Starting from version 17, the Angular Universal repository was merged into the Angular monorepo and became part of it. In the same version, the rehydration announced with the release of Angular 16 received the status' production ready'. Previously, when loading scripts onto a page, Angular cut out all the finished HTML and drew everything again. Additionally, setting up SSR when initializing projects has become more accessible, and support for the vite and esbuild tools has appeared, significantly improving DX.

Our products need SSR in exceptional cases, so I don't want to nitpick at this point. There are still questions for SSR, but they are not so critical. Our requirements have been largely met.

I18n ✅

Angular supports internationalization (i18n), which allows you to design and prepare projects for use in different world regions. Angular allows you to prepare texts for translation in template components and supports various local formats for dates, numbers, percentages, and currencies. The Angular CLI will generate a build with the correct texts and formats for each selected locale during the build. This means Angular does not know how to change the locale at runtime.

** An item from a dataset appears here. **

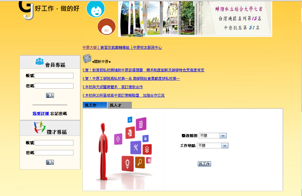 ●進入首頁,及可選擇登入會員或條件式搜尋職缺/人才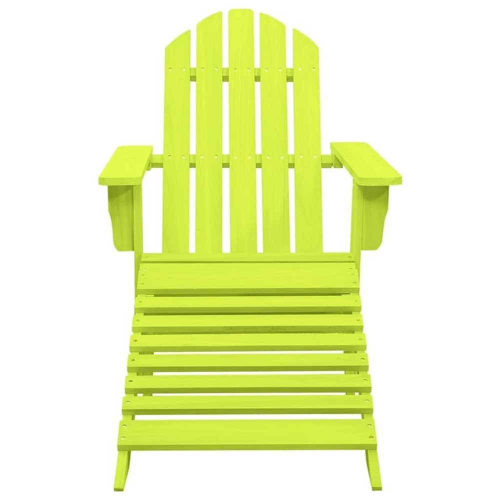 This Green Adirondack Chair with Ottoman is a must-have for outdoor lounging, perfect for those lazy afternoons on the patio or in the garden. The chair's slanted back and wide arms make sitting a delight, encouraging you to kick back and soak up the sun or enjoy the soothing sounds of nature. Ergonomic Comfort: Designed with relaxation in mind, this chair fits your body like a glove, giving you top-notch comfort while lounging. Chill outside for hours without a care. Weather-Resistant Finish: Sturdy solid fir wood is treated with a weather-resistant coating, making sure it can take whatever Mother Nature throws at it. It keeps its good looks season after season. Natural Wood Look: The smooth texture and lovely green finish blend perfectly with your garden, upping the aesthetic game. This chair not only works well but looks fab too! Versatile Ottoman: The detachable ottoman offers ultimate relaxation, letting you kick back and enjoy a good book or a nice drink. It's perfect for a chill escape. Convenient Assembly: This chair is easy to put together and comes with everything you need, so you can enjoy it in no time. Color: Green Shape: Other Finish: Weather-resistant coating Indoor/Outdoor: Outdoor Only Cover Included: No Room: Garden and terrace Maximum Number of People: 1 Maximum Weit: 242.5 lbs Mounting Included: No Dimensions: 58.1 x 27.6 x 34.8 in (W x L x H) Weight: 21.14 lbs Seat Depth: 19.3 in Seating Capacity: 1 Swings: No Delivery Contains: Garden chair with detachable ottoman Assembly Required: Yes Recommended Number of People for Assembly: 1

Static localization imposes some restrictions, but we are happy with it overall. Plus, various solutions from the community allow you to do this in runtime. We believe that the requirement has been met.

Accessibility ✅

Angular allows you to create accessible web applications using all W3C principles; for example, it will enable it to set aria attributes and use native elements as hosts for components.

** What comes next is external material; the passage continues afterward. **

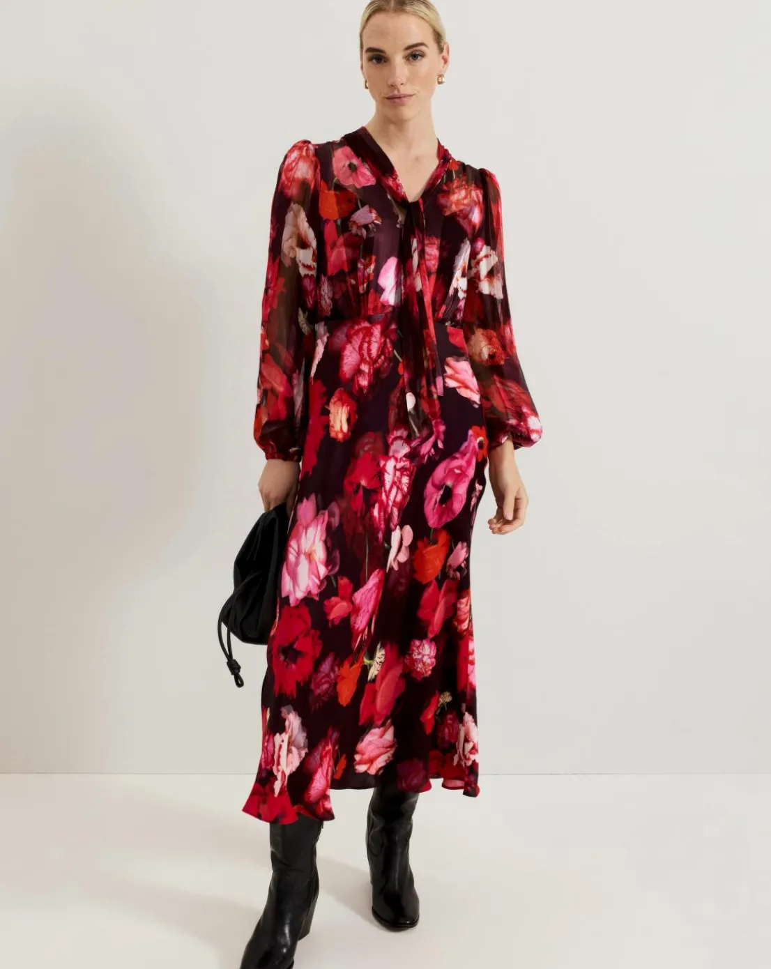 Phase Eight Eleini Floral Tie Neck Midi Dress

In addition, Angular provides the @angular/cdk package, which includes many tools to enable the creation of accessible applications. All blanks for components (dialogues, menus, accordions) have correctly assigned roles and are fully accessible. @angular/cdk/a11y can control focus, keyboard navigation and some stylistic tricks. It is an excellent tool for creating accessible components and applications.

Licensing ✅

Angular uses the MIT license, one of the most liberal and flexible in the open-source software world. This license allows you to use, copy, modify, merge, publish, distribute, sublicense, and sell copies of the software for both commercial and non-commercial purposes. The MIT license also minimizes restrictions on the use of the framework, making Angular attractive to a wide range of projects and organizations.

Support and community ✅

Photo by Hannah Busing on Unsplash

Angular has significant support and popularity in the developer community. Angular has over 90 thousand stars on GitHub, demonstrating its widespread acceptance and use among developers. This number of stars indicates activity and interest in the framework in the professional community. In addition, a large number of forks (more than 25 thousand) indicates the community's active participation in the framework's development and adaptation. This data highlights the strong developer support and engagement in the Angular ecosystem. This includes official documentation, forums, social media groups, and conferences.

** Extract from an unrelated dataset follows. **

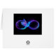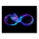 Glowing, purple infinity symbole with flying, luminous, blue hummingbird on black background. Néon.

It is important to note that Angular, having a strong community, is supported by Google.

Such an active community and ongoing support from a large organization ensures regular updates, bug fixes, and new feature introductions, making Angular a reliable choice for enterprises. And, of course, this suits us too.

Summary

In conclusion, choosing Angular for PLATA was not just a technical decision but a strategic move. Like a Swiss army knife in the front-end world, this framework provides a comprehensive set of tools and capabilities that open up enormous horizons for development and scaling.

Angular meets all the essential PLATA requirements: performance to security and accessibility to international support. The strong community and support from Google are precious, providing reliability and confidence in the long-term use of the framework.

Ultimately, Angular was an ideal choice for PLATA, providing a solid foundation for building an innovative digital bank ready to overcome future technology and market challenges.